Segment Start: DATASET CONTENT

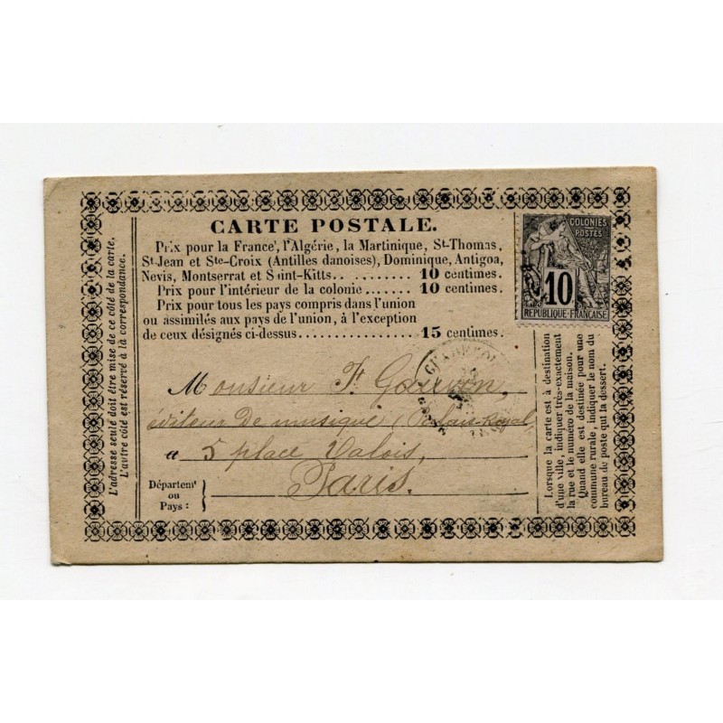 Carte précurseur de Basse Terre de 1883 pour Paris, affranch Alphée Dubois
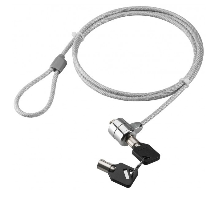 - Прикрепляется к защитному слоту ноутбука и любому неподвижному элементу;
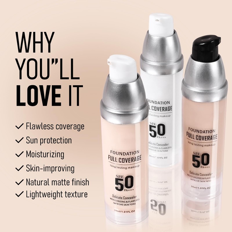 - 【SPF 50 PA+++ Sun Protection】Broad-spectrum foundation with up to 50 sun blocks provides strong protection against UVA and UVB damage.
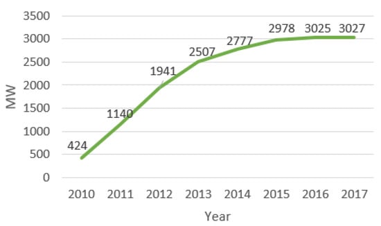 In November 2017, WPP reached installed capacity of 3027 MW [], as in Figure 2, from the 14 MW installed capacity in 2009, which is a remarkable improvement. However, in the last years (since 2015) the increase of WPP installed power was very slow.
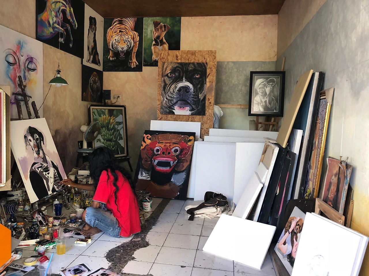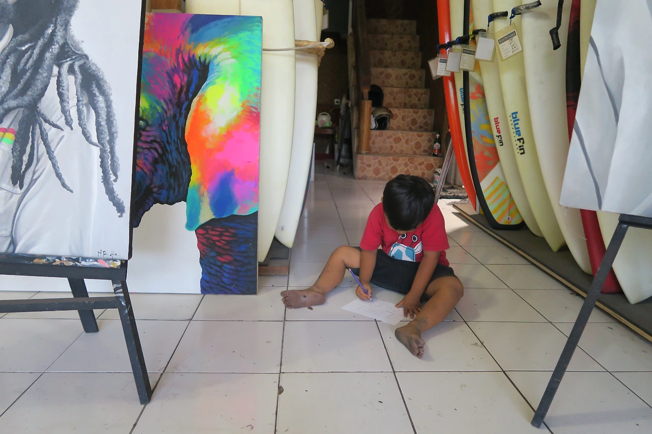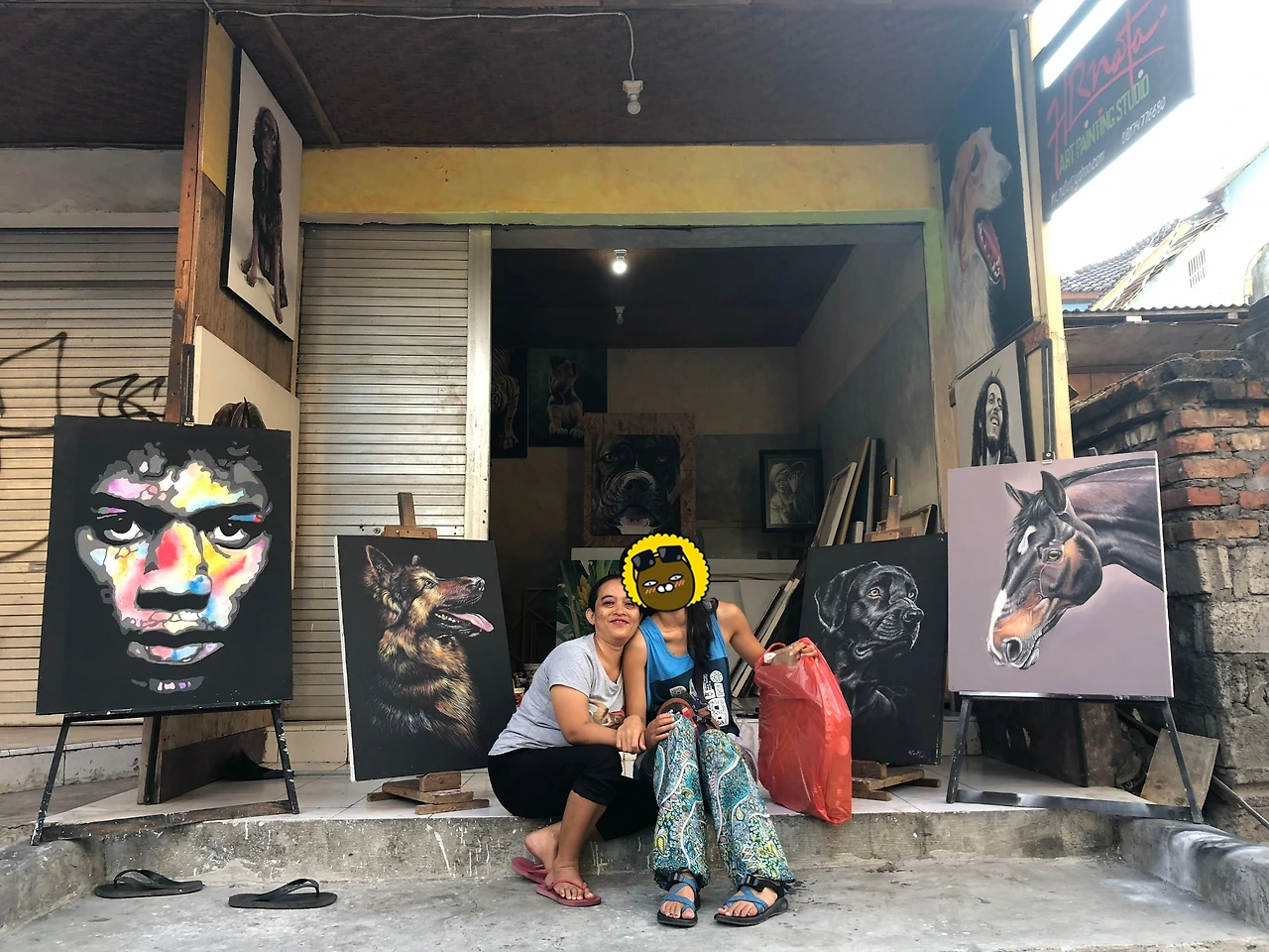 혼자 꾸따 시내를 걷다가 아리의 작업실을 지나가게 되었다. 그림 그리는 걸 좋아하는 걸음을 멈추고 아리가 그림 그리는 모습을 하염없이 바라봤다. 그런 나를 발견한 아리는 가까이 와서 봐도 된다며, 자기 작업실 공간으로 나를 초대했다. 그 후로 아리의 작업실은 참새 방앗간 같은 곳이 되었다.

Segment End: DATASET CONTENT

### WHAT YOU ARE ASKED TO DO
Without any pictures, output the entries above exactly as they appear.

### ANSWER TO THIS EXERCISE
 Carte précurseur de Basse Terre de 1883 pour Paris, affranch Alphée Dubois
 - Прикрепляется к защитному слоту ноутбука и любому неподвижному элементу;
 - 【SPF 50 PA+++ Sun Protection】Broad-spectrum foundation with up to 50 sun blocks provides strong protection against UVA and UVB damage.
 In November 2017, WPP reached installed capacity of 3027 MW [], as in Figure 2, from the 14 MW installed capacity in 2009, which is a remarkable improvement. However, in the last years (since 2015) the increase of WPP installed power was very slow.
 혼자 꾸따 시내를 걷다가 아리의 작업실을 지나가게 되었다. 그림 그리는 걸 좋아하는 걸음을 멈추고 아리가 그림 그리는 모습을 하염없이 바라봤다. 그런 나를 발견한 아리는 가까이 와서 봐도 된다며, 자기 작업실 공간으로 나를 초대했다. 그 후로 아리의 작업실은 참새 방앗간 같은 곳이 되었다.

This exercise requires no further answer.